> [GIVEN DATA]
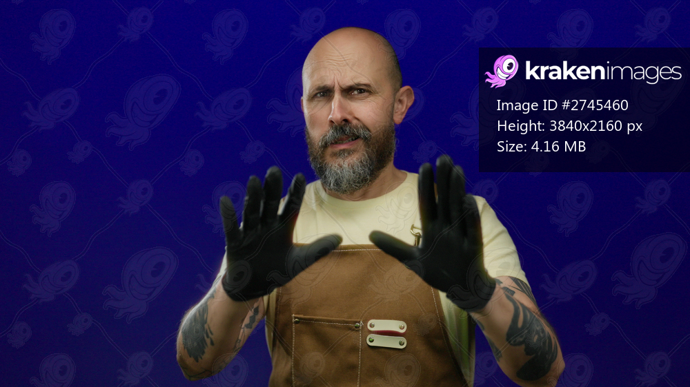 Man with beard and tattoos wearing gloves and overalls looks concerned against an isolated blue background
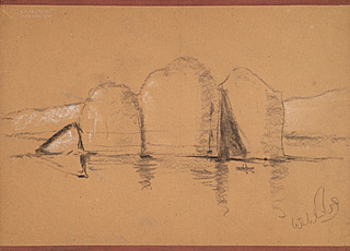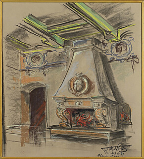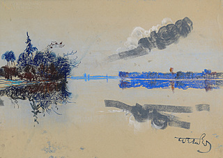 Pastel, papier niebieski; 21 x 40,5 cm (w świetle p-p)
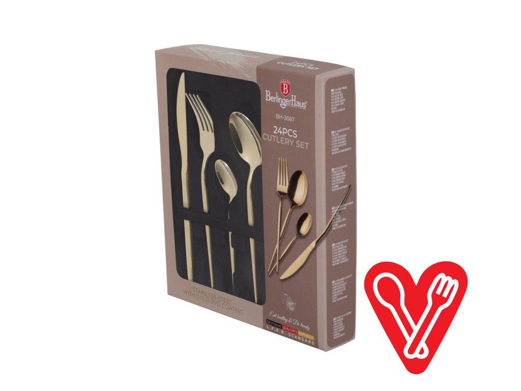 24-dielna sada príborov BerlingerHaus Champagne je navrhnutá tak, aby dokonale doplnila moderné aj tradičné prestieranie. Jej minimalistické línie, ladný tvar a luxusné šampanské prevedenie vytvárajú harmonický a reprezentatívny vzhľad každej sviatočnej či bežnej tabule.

> [WHAT YOU SHOULD DO]
Only the listing above, set down exactly and without pictures, belongs in the answer.

> [WRITTEN ANSWER]
 Man with beard and tattoos wearing gloves and overalls looks concerned against an isolated blue background
 Pastel, papier niebieski; 21 x 40,5 cm (w świetle p-p)
 24-dielna sada príborov BerlingerHaus Champagne je navrhnutá tak, aby dokonale doplnila moderné aj tradičné prestieranie. Jej minimalistické línie, ladný tvar a luxusné šampanské prevedenie vytvárajú harmonický a reprezentatívny vzhľad každej sviatočnej či bežnej tabule.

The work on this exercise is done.